* [Assignment] Across the whole listing, state how many lines include "with". Add nothing to that number.

* [Available records]
☆ ☆ ☆ ☆
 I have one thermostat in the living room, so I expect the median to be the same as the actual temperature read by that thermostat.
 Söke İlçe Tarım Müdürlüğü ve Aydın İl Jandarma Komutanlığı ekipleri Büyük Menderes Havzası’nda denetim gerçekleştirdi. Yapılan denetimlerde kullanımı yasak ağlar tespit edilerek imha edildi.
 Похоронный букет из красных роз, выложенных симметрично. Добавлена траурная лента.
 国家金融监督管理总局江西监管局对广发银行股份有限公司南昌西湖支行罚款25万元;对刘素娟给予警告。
☆ ☆ ☆ ☆
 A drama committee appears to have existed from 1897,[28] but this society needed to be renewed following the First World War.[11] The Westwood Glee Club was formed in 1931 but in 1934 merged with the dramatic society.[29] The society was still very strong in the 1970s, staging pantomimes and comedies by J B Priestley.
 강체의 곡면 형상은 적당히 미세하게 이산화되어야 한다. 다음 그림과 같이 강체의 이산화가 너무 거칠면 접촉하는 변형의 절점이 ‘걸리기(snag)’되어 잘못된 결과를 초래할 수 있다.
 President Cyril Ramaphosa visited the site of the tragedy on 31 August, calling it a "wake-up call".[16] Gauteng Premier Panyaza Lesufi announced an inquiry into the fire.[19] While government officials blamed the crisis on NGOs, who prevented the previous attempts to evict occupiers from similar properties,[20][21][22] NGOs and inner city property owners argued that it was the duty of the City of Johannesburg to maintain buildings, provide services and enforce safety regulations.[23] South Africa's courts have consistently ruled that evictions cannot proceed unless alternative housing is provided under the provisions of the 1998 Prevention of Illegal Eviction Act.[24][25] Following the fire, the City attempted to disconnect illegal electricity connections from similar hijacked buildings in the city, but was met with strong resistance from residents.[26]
☆ ☆ ☆ ☆
* [Solution to this task] 2